**PROBLEM REQUIREMENTS**
The pictures in the listing below are to be skipped, while the lines between the line holding "Talbots womens brown" and the line holding "Hatonosu Valley is", inclusive, are to be output exactly.

**SOURCE MATERIAL**
++++
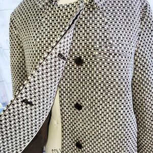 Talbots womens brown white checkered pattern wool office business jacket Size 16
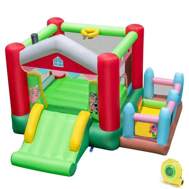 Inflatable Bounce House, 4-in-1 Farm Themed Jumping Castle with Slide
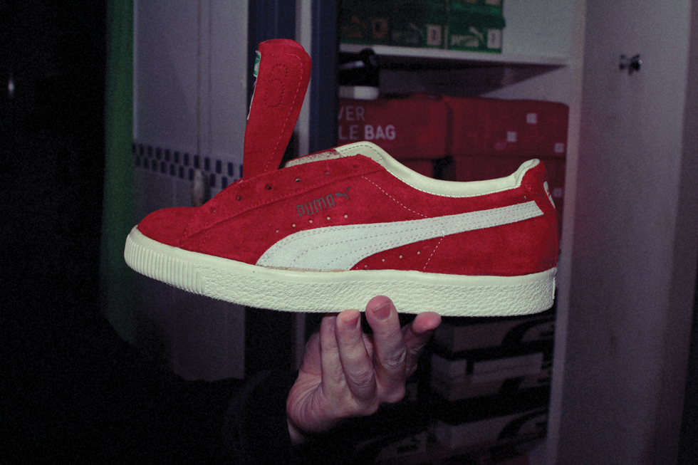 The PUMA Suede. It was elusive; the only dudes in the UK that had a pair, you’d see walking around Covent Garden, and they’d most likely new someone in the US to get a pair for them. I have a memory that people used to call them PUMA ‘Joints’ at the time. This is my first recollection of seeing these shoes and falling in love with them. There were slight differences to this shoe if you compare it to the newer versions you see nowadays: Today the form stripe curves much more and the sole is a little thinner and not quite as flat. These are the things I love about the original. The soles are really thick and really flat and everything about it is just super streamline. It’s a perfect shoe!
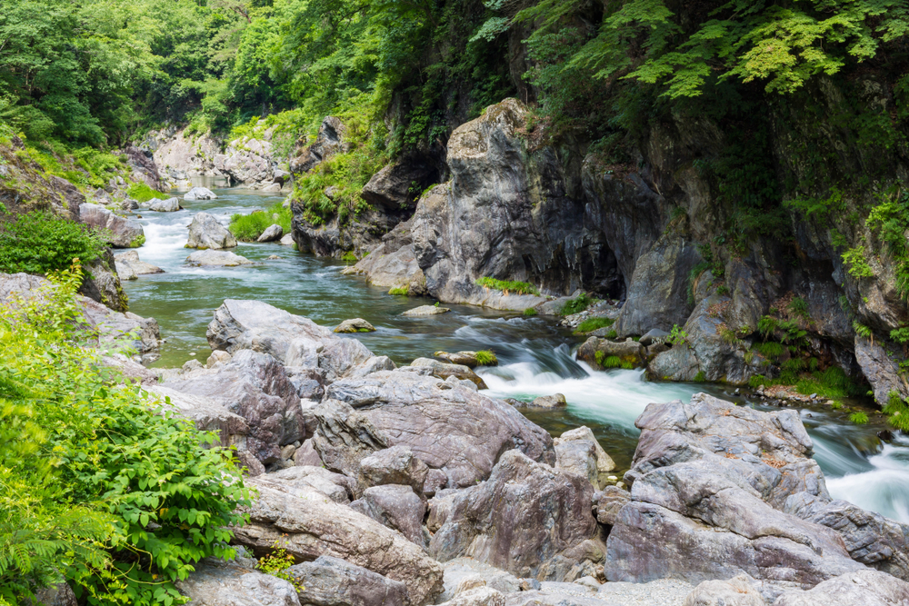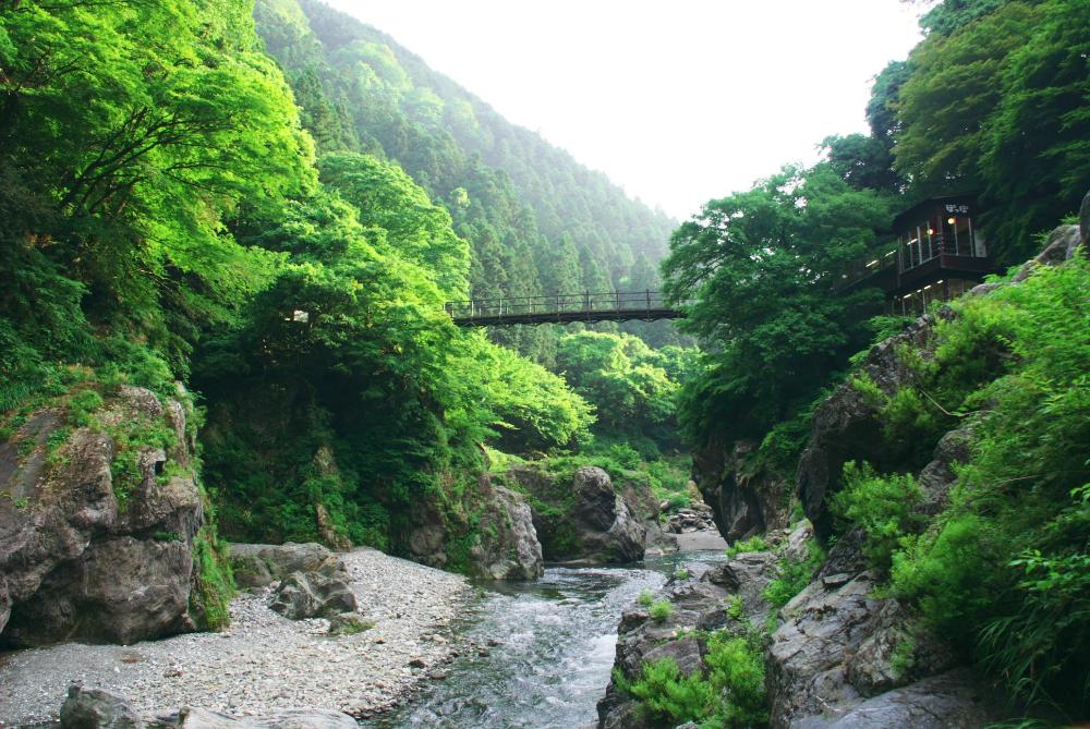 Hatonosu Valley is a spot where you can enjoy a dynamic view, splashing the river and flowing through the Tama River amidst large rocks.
++++
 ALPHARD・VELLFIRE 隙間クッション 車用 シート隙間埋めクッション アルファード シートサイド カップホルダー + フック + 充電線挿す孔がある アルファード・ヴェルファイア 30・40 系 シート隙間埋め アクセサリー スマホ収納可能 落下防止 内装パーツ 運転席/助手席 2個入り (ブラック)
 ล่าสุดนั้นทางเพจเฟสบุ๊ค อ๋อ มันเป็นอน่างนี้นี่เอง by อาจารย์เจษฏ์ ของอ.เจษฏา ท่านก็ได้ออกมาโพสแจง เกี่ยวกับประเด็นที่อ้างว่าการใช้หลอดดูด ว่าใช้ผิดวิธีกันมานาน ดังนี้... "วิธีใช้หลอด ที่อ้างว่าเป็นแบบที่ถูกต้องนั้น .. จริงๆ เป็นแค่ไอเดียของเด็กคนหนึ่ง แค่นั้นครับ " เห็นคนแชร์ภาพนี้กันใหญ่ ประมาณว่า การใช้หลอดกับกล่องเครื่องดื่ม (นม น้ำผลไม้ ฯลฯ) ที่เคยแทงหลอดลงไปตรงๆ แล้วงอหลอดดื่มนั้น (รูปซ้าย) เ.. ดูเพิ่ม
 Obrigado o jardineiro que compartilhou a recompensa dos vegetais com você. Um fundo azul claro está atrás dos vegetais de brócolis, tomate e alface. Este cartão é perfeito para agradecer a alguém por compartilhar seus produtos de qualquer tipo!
++++
**RESULT OF THE TASK**
 Talbots womens brown white checkered pattern wool office business jacket Size 16
 Inflatable Bounce House, 4-in-1 Farm Themed Jumping Castle with Slide
 The PUMA Suede. It was elusive; the only dudes in the UK that had a pair, you’d see walking around Covent Garden, and they’d most likely new someone in the US to get a pair for them. I have a memory that people used to call them PUMA ‘Joints’ at the time. This is my first recollection of seeing these shoes and falling in love with them. There were slight differences to this shoe if you compare it to the newer versions you see nowadays: Today the form stripe curves much more and the sole is a little thinner and not quite as flat. These are the things I love about the original. The soles are really thick and really flat and everything about it is just super streamline. It’s a perfect shoe!
 Hatonosu Valley is a spot where you can enjoy a dynamic view, splashing the river and flowing through the Tama River amidst large rocks.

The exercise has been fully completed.